A typical line has 3+5×8=43 items for 59st + Lexington Ave station on July 27, 2013.
A002,R051,02-00-00,
07-27-13,00:00:00,REGULAR,004209603,001443585,
07-27-13,04:00:00,REGULAR,004209643,001443593,
07-27-13,08:00:00,REGULAR,004209663,001443616,
07-27-13,12:00:00,REGULAR,004209741,001443687,
07-27-13,16:00:00,REGULAR,004210004,001443740,
07-27-13,20:00:00,REGULAR,004210276,001443777,
07-28-13,00:00:00,REGULAR,004210432,001443801,
07-28-13,04:00:00,REGULAR,004210472,001443805
- the first column is the date
- the second column is the time stamp. it usually checks every 4 hours
- the status is REGULAR
- the entries read "004209603" and the exits read "001443585"
- between 8am and 12am on July 23, 741-663=78 passengers entered the station (and 71 exited ) through this turnstile
The three info A002,R051,02-00-00
specify a single turnstile in the entire MTA system. Looking at remote-booth-station.csv
we find it was part of a group of 3 entrances, itself part of two sets of entrances.
R050,R244,59 ST,456NQR,IRT
R050,R244A,59 ST,456NQR,IRT
R050,A004,LEXINGTON AVE,456NQR,BMT
R051,R245,59 ST,456NQR,IRT
R051,R245A,59 ST,456NQR,IRT
R051,A002,LEXINGTON AVE,456NQR,BMT
This station has two names LEXINGTON AVE
and 59 ST
. This is a very busy station with passengers between Queens, the Upper East Side, Times Square, and Midtown East.

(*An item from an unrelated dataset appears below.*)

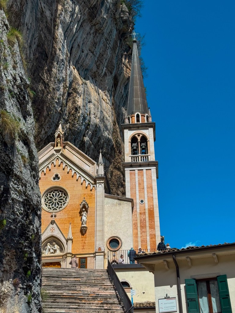 Built directly into the cliffs of Monte Baldo, the sanctuary seems to cling to the rock face, half hidden, half revealed. From the terraces you get a breathtaking view over the Adige Valley far below, the mountains rising all around you. It’s a setting so dramatic that it feels almost unreal.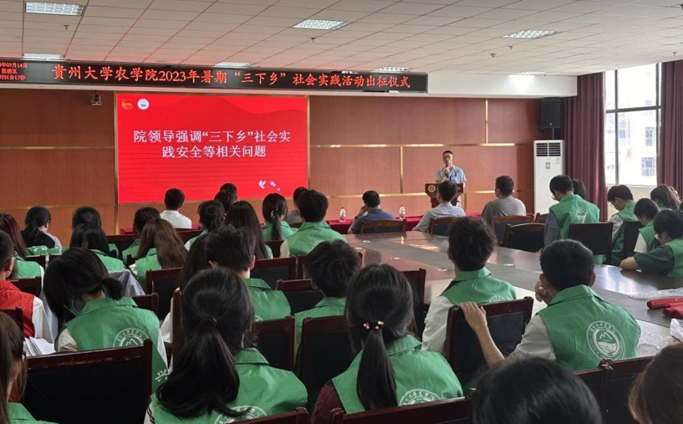 团委网站讯(记者鲁睿涵报道摄影)7月14日中午,农学院2023年暑期“三下乡”社会实践活动出征仪式在崇学楼339会议室举行。农学院党委书记杨刚出席,15支“三下乡”实践队指导老师、队长、实践队代表成员共80余人参加出征仪式。会议由农学院党委副书记王明主持。

You are ready to read the MTA turns tile data. I suggest you stop reading and get your hands dirty. In about 30 mins to 1 hour, this section will make a lot more sense.
By now, we sort-of-have rough interpretations for Remote-Booth-Station
- Remote is a station entrance
- Booth probably has to do with subway booths
- Station is well...
REGULAR
is not the only code we can have and turnstiles don't necessarily report every 4 hours. I've seen status DOOR OPEN
, RECOVR AUD
, LOGON
and time stamps of 08:40:29
. These irregularities bend in knots your chances at visualizating MTA's turnstile data.